According to Professor Mike Kendall from the University of Oxford, the work refutes long-held assumptions that mid-ocean ridges might play a passive role in plate tectonics. “It suggests that in places such as the Mid-Atlantic, forces at the ridge play an important role in driving newly-formed plates apart,” adds Kendall. He along with Dr Kate Rychert and Dr Nick Harmon from the University of Southampton led the experiment.
The mission
For the study, 39 seismometers were deployed at the bottom of the Atlantic over two research cruises on the RV Langseth and RRV Discovery, as part of the PI-LAB (Passive Imaging of the Lithosphere-Asthenosphere Boundary) experiment and EURO-LAB (Experiment to Unearth the Rheological Oceanic Lithosphere-Asthenosphere Boundary).

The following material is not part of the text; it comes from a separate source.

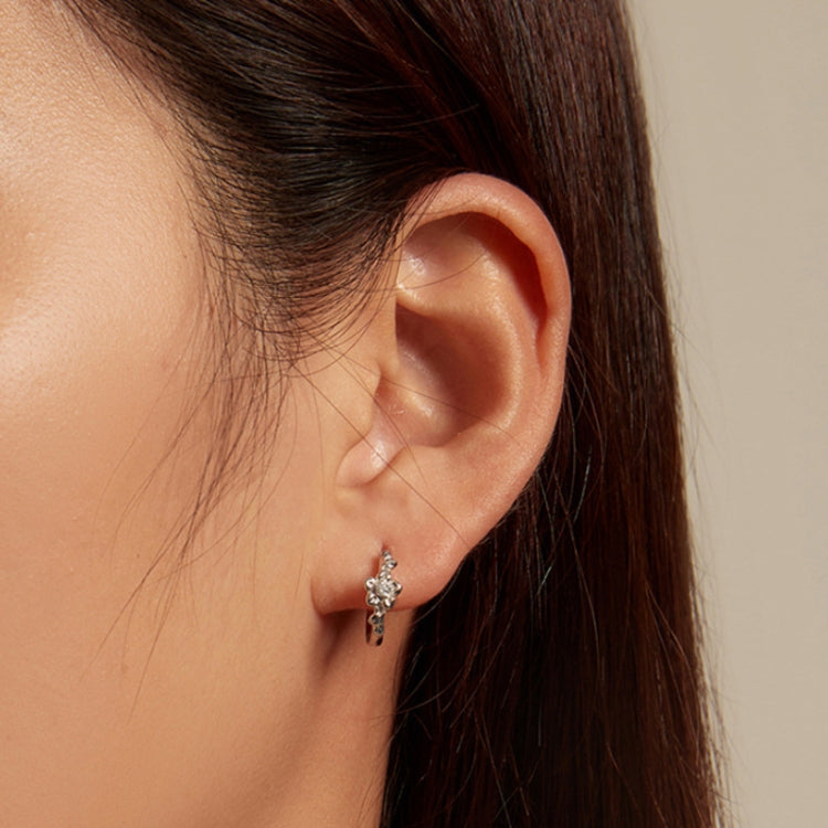Sterling Silver S925 Small Flower Vine Plated Platinum Zircon Earrings

Spanning across 1,000 km, the seismometers were left operating for a year to record earthquakes from around the world. In total, the authors stayed 10 weeks at sea, deploying and recovering the stations.
Strong earthquakes from around the world were recorded on the PI-LAB seismic network. Seismic waves traveled through the deep Earth before reaching the stations. The data thus provided large-scale and high-resolution imaging of the mantle beneath the Mid-Atlantic Ridge. This high-quality seismic data were analyzed to reveal Earth’s hidden mysteries.
The seismic waves were used to image the different layers inside the Earth, particularly, the discontinuities at 410 km and 660 km depth between the upper and lower mantle known as the “mantle transition zone.”
“This is one of only a few experiments of this scale ever conducted in the oceans and allowed the team to image variations in the structure of the Earth’s mantle near depths of 410 km and 660 km – depths that are associated with abrupt changes in mineral phases,” according to the authors.
The observed signal was “indicative of a deep, sluggish and unexpected upwelling from the deeper mantle.” The observations imply material transfer between the lower and upper mantle that is linked to the ridge above. This indicates that “whole mantle convection” may be more prevalent than previously thought and could play a role in driving plate tectonics, explain researchers.
“The thinner than average mantle transition zone suggests anomalous high temperatures that facilitate material transfer from the lower to the upper mantle that may play a role in driving plate tectonics,” the findings state.
Dr Harmon notes that there is a growing distance between North America and Europe, and “it is not driven by political or philosophical differences - it is caused by mantle convection.”
Besides helping scientists to develop better models and warning systems for natural disasters, plate tectonics also has an impact on sea levels, and therefore, affects climate change estimates over geologic times scales. “This was completely unexpected. It has broad implications for our understanding of Earth’s evolution and habitability. It also demonstrates how crucial it is to gather new data from the oceans. There is so much more to explore,” emphasizes Dr Rychert.